__ACTIVITY__.
Please, from the entries below, transcribe exactly the lines that begin at the line with "In the alley" and end at the line with "13.锅中入少许的油,加入葱、姜、蒜炸香。", without the pictures.

──────── DATA FOR THIS EXERCISE

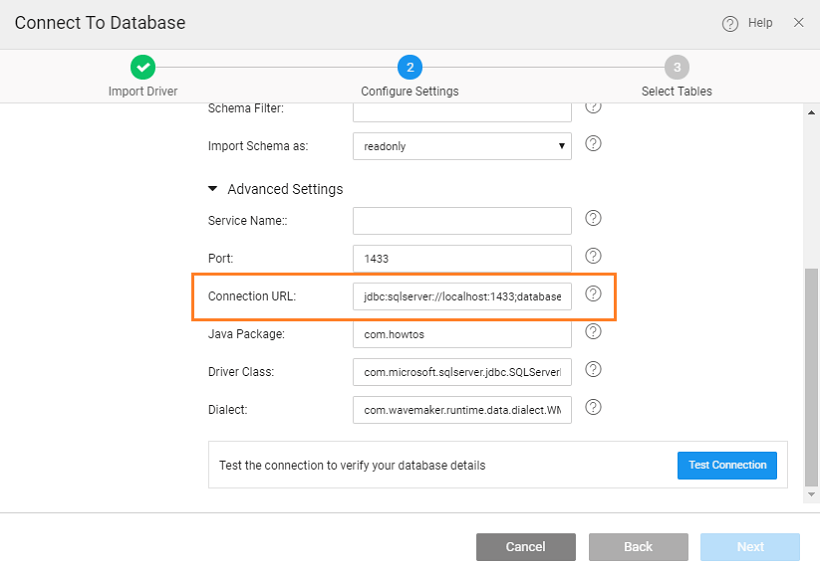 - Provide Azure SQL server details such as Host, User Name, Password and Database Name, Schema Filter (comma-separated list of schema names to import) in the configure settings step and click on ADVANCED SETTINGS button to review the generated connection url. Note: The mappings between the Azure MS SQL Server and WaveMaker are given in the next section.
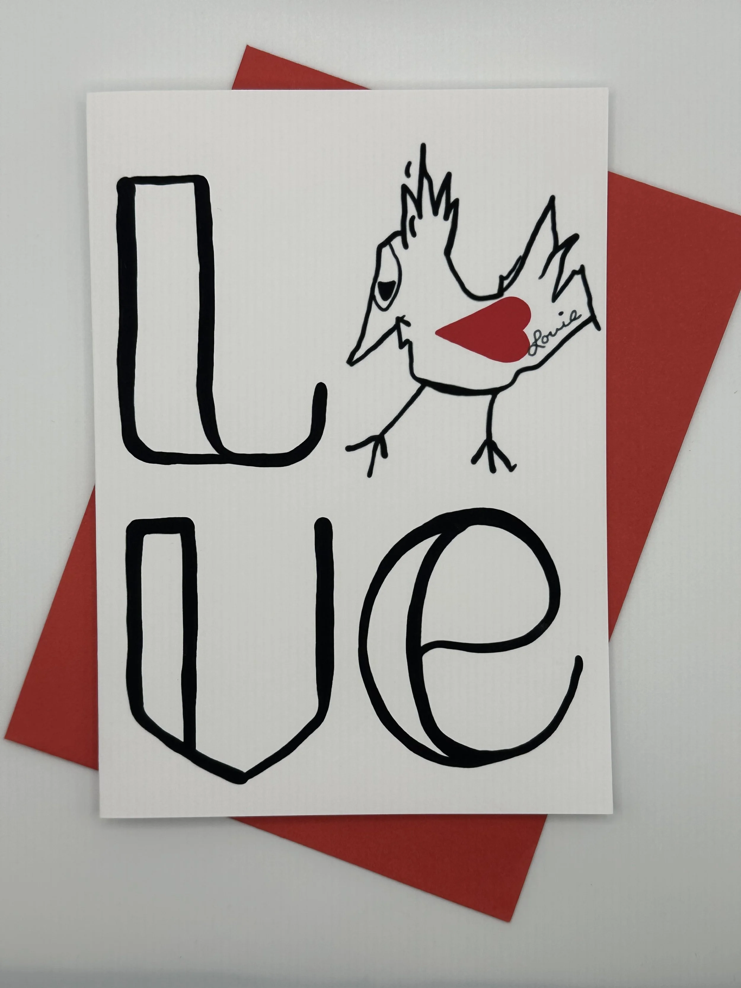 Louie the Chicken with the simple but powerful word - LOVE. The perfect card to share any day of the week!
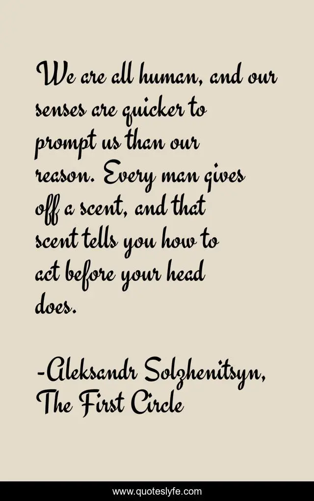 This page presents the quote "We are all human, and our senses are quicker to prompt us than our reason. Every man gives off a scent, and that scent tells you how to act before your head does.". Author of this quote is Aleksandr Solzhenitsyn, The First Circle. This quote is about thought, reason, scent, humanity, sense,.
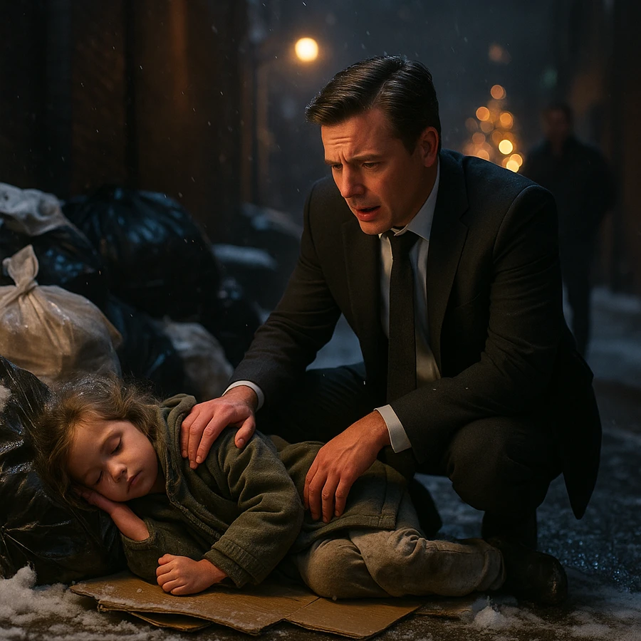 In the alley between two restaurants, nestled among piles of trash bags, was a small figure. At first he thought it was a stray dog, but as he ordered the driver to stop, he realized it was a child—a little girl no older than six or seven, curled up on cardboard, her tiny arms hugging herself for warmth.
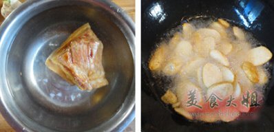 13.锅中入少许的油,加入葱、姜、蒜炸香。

────────────────
──────── DATA FOR THIS EXERCISE

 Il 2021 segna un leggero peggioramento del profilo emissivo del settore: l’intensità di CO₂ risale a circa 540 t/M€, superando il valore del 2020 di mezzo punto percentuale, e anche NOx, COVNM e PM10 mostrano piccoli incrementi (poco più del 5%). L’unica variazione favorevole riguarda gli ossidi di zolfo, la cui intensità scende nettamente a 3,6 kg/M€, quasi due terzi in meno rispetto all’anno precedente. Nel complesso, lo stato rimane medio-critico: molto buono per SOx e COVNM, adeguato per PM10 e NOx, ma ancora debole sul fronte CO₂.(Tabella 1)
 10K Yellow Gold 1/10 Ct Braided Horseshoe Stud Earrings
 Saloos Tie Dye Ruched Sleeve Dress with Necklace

────────────────

__EXERCISE RESULT__.
 In the alley between two restaurants, nestled among piles of trash bags, was a small figure. At first he thought it was a stray dog, but as he ordered the driver to stop, he realized it was a child—a little girl no older than six or seven, curled up on cardboard, her tiny arms hugging herself for warmth.
 13.锅中入少许的油,加入葱、姜、蒜炸香。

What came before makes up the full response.